Caroline Gorham was working from home during a severe weather day in January and couldn’t connect to the university’s Virtual Private Network to access her files.
A staff assistant at the Nicholas Institute for Environmental Policy Solutions, Gorham used the “live chat” function through the Office of Information Technology’s website to get help.
“If I don’t have access to work files or email, I can’t provide the support that my colleagues are expecting,” Gorham said.
In the OIT offices at American Tobacco Campus in downtown Durham that day, service desk staff Sam Naim helped Gorham connect to her files. IT analysts like Naim field thousands of requests by phone, chat, email, and online each month. Last year alone, the OIT service desk fielded nearly 83,000 requests from university employees.
“It’s a bit of organized chaos on busy days,” Naim said. “That snow day was busy with constant chats and calls covering a lot of different technology. It’s great to help people resolve those issues quickly.”

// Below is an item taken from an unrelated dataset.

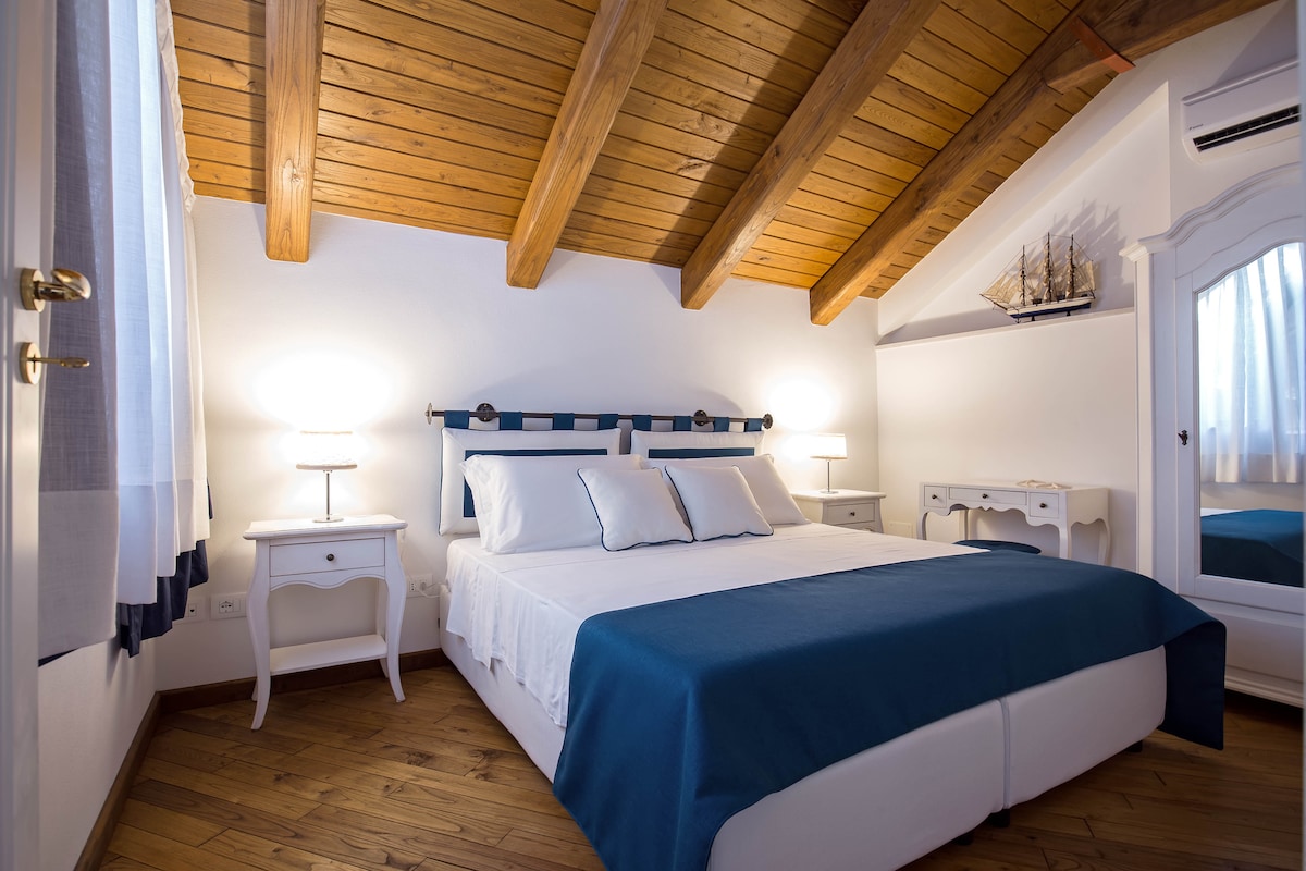 Aida is a boutique apartment on the top floor of Le Capannelle, a charming property that blends in with the surrounding nature and with panoramic views on the Mediterranean Sea. The interiors feature a sleek and contemporary décor, with a minimalist twist and attention to individual comforts. The living space with a sofa bed double is characterized by discreet blue details and a teal niche. The nuances run as a common design thread throughout the apartment, surfacing in the furniture of the bedr

From fielding service requests to protecting email accounts from viruses, maintaining Duke’s technology infrastructure is a 24-hour job.

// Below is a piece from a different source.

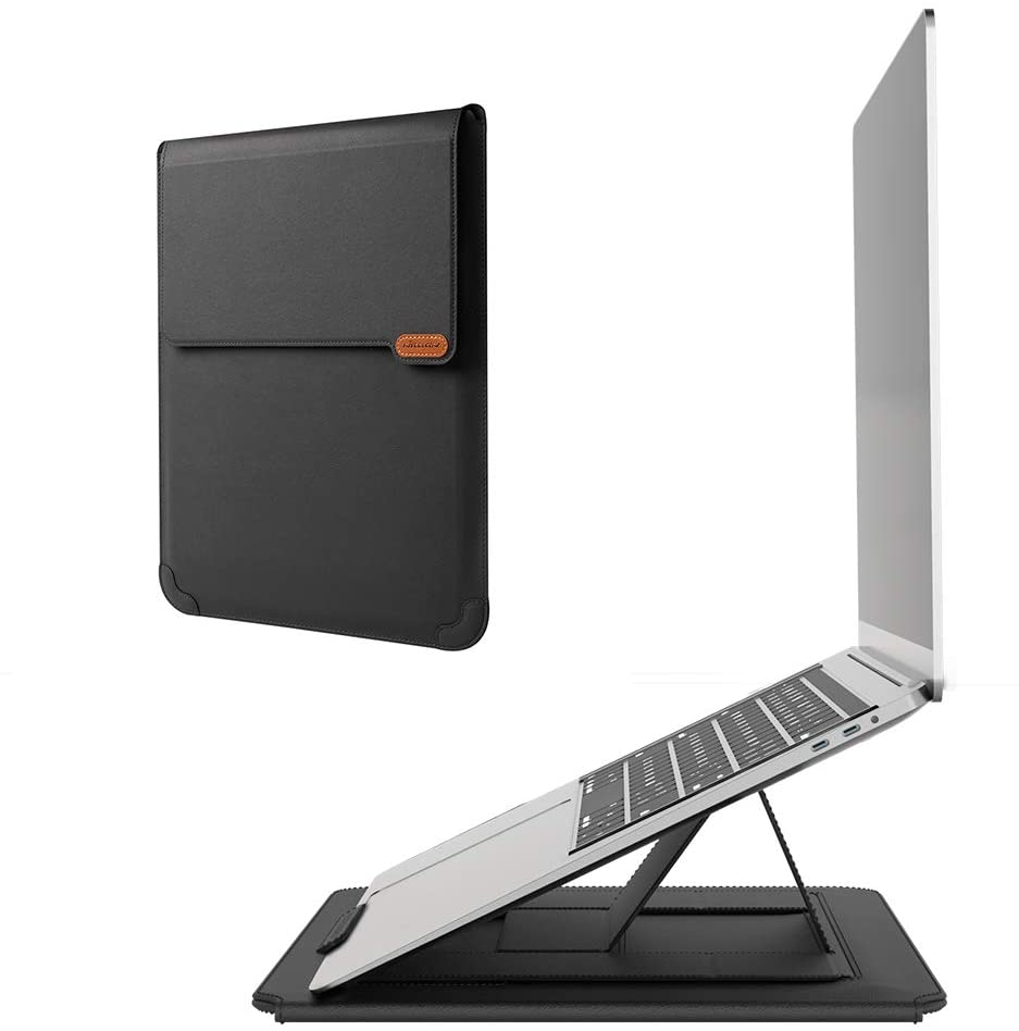It is not only a storage bag, but also laptop stand and mouse mat. Adopt preferred PU, which is scratch-resistant and durable. Use sponge flannel lining inside for shock absorption. Equipped with magnetic stand to speed up the laptop cooling.

How We Contact OIT for Help
In 2016, the Office of Information Technology (OIT), which manages Duke’s central technology infrastructure, fielded 82,920 service requests from university users. Most requests came by phone, one of the fastest ways to get help – on average 33 seconds versus an average of three hours when a request is submitted by email. One other quick way to get help is by “live chat.” The chart does not include requests to Duke Health Technology Solutions (DHTS), which fielded 159,047 service requests in 2016.

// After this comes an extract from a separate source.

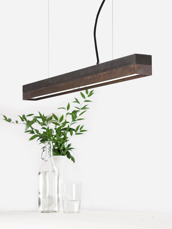Langbordspendel i beton og rusten stål. Langbordspendel i et råt og moderne design. Alle lamper kommer med indbygget dæmpbar LED lyskilde på 25W. Lampen er fremstillet i rusten stål og valgfri lys eller grå beton. Leveres standard med 2 meter sort stofledning. Du kan vælge 3 eller 5 meter stofledning samt grå eller hvid stofledning. Wirens længde følger valg af stoflednings længde.

How Many Emails Get Blocked, Delivered
For every email you receive at the University or Health System, there are at least two spam emails that didn’t get through to your inbox. Every month, Duke’s central email system (University and Health System) receives millions of emails from external sources, but the majority are spam, malware, and viruses. Without a sophisticated screening system, Duke inboxes would be flooded with potentially harmful junk mail. The graphics above represent figures for 2016.